Goldman Sachs’ stock (NYSE: GS) has gained approximately 4% YTD as compared to the 18% rise in the S&P500 index over the same period. Further, at its current price of $356 per share, it is trading 2% below its fair value of $363 – Trefis’ estimate for Goldman Sachs’ valuation. The investment bank posted mixed results in the second quarter of 2023, with revenues topping the consensus but earnings missing expectations. It reported total revenues of $10.9 billion – down 8% y-o-y, primarily driven by a 14% drop in the global banking & markets (which include investment banking and sales & trading) and a 4% decline in asset & wealth management. Notably, the asset & wealth management unit mainly suffered due to lower equity and debt investment revenues. That said, the top line was somewhat supported by a 92% jump in the platform solutions segment. On the cost front, the expenses figure increased by 12% y-o-y. Overall, the adjusted net income was reduced by 62% y-o-y to $1.07 billion.
The bank’s top line decreased 7% y-o-y to $23.1 billion in the first half of FY 2023. It was primarily due to a 15% drop in the global banking & markets division – investment banking and FICC (fixed income, commodity, and currency) trading declined by 24% and 21%, respectively.
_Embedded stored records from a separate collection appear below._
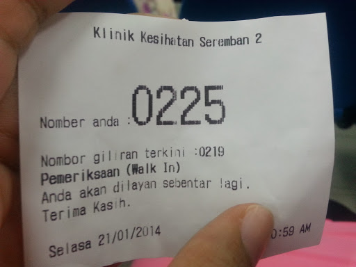 Sekarang nih tunggu turn dipanggil. Macam biasa kalau klinik kerajaan memang ramai orang...Nanti saya akan cerita servis KK Port Dikcson dan KK Seremban 2...Dua dua under gov dan dua dua bawah kementerian yang sama. But servisssss sangat jauh beza...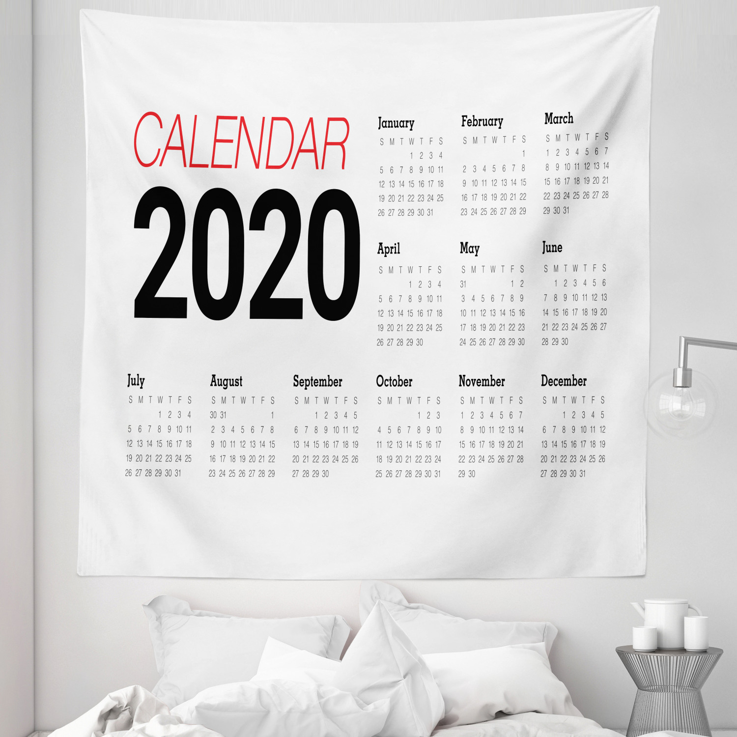 Calendar 2020 Tapestry Modern Design Date Plan Moths Weeks And Days Year Illustration Fabric Wall Hanging Decor For Bedroom Living Room Dorm 5 Sizes Dark Coral Black White By Ambesonne Walmart Com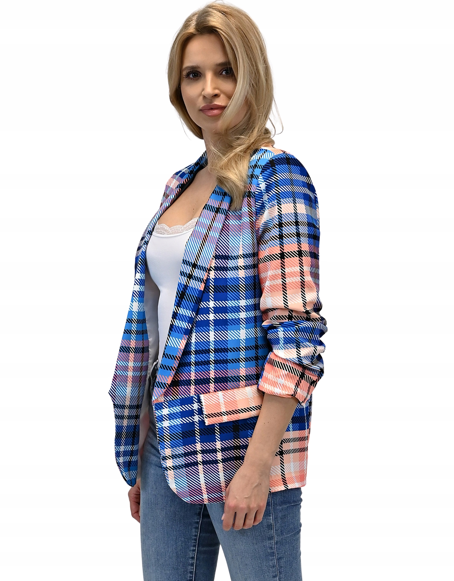 Унікальний, модний, вільний піджак з оригінальною строкатою кліткою насичених кольорів. Довша модель, комір-смокінг Драповані рукава 3/4 додають оригінального характеру. Дві імітації кишень з боків з ефектними клапанами прикрашають куртку. Дизайн для схуднення з підкладкою та м’якими підплічниками. Чудова якість, ідеальна обробка!

However, the negative impact was somewhat tempered by an 8% growth in asset & wealth management, followed by a 100% jump in the platform solutions. On the expense front, the operating expenses for the first half witnessed an unfavorable increase of 10% y-o-y. Altogether, the adjusted net income fell by 37% y-o-y to $4.2 billion.
Moving forward, we expect the same trend to continue in Q3. All in all, Goldman Sachs revenues are forecast to touch $43.56 billion in FY2023. Additionally, GS’ adjusted net income margin is likely to decrease from 22.7% to 20.8%, leading to an adjusted net income of $9.1 billion. This coupled with an annual EPS of $26 and a P/E multiple of 14x will lead to a valuation of $363.